Given the challenges at Procter & Gamble, its shareholders should consider the assistance of Trian Partners.
Nelson Peltz, the corporate agitator, is opting for the close shave at Procter & Gamble.
Mr. Peltz’s Trian Partners, which owns a $3.3 billion stake, is taking a more surgical approach to the $223 billion company — whose brands include razors and detergent — than it did with its last proxy fight at DuPont, lobbying for a single board seat. Trian is also dangling niceties like promising to support management and not calling for a breakup.
Given Procter & Gamble’s many challenges, shareholders would be silly to pass on his assistance.
The company, which is based in Cincinnati and whose brands include Gillette, Tide and Pampers, is struggling to navigate changing consumer habits. Upstarts like the Dollar Shave Club have cut into its market share of products with easy online purchasing and delivery and original marketing. P.&G. is increasing its online presence and has fought back with price cuts, but its stock price has lagged competitors’ and the Standard & Poor’s 500 index in the last year, and — as Mr. Peltz points out — over the last decade.
Procter & Gamble’s revenue in the fiscal third quarter declined. David Taylor, the longtime employee who became chief executive two years ago, drummed up some new costs to cut, but analysts appear underwhelmed by the company’s focus on “irresistibly superior” products. Trian said it was concerned that $13 billion of identified cost savings would not materialize given an “overly complex organizational structure and a slow-moving and insular culture.”
While those may sound like fighting words, Mr. Peltz’s push comes with a smiley emoticon. Trian is not seeking a breakup, or to push out Mr. Taylor, or even to cut research and marketing expenses. Mr. Peltz’s first move as director would be to reinstate the board member he displaced.
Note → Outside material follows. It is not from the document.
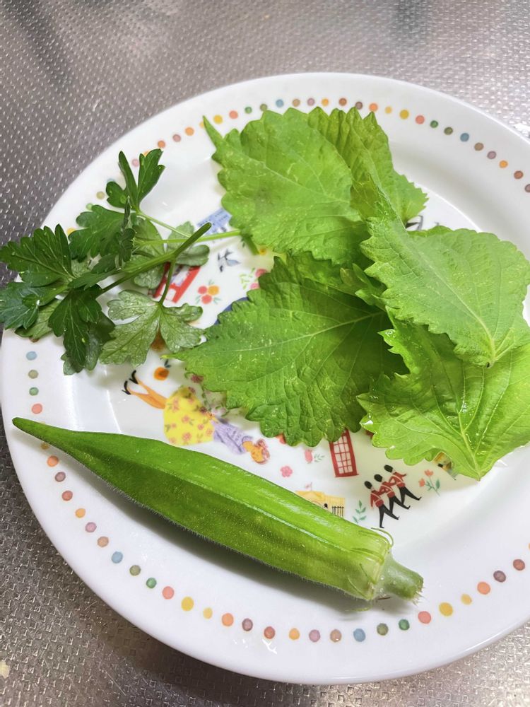 4️⃣ 立派なオクラちゃんと大葉、イタリアンパセリと収穫!

It is a notable contrast with Trian’s approach at DuPont, where it sought four board seats and urged for a separation of businesses. Trian got no seats, but the chief executive was out five months later, and DuPont announced a merger with Dow Chemical that would lead to a breakup.
Procter & Gamble’s board may still be smarting from its last nick with activism. In 2013, the hedge fund boss William Ackman persuaded Procter & Gamble to remove its chief executive and bring back its former boss A. G. Lafley. Mr. Ackman then sold his shares. Yet, the company’s share price has increased less than 10 percent over the last four years — the stock market equivalent of five o’ clock shadow.
Mr. Peltz may not have all the answers to Procter & Gamble’s troubles, but a fresh look on the board is warranted.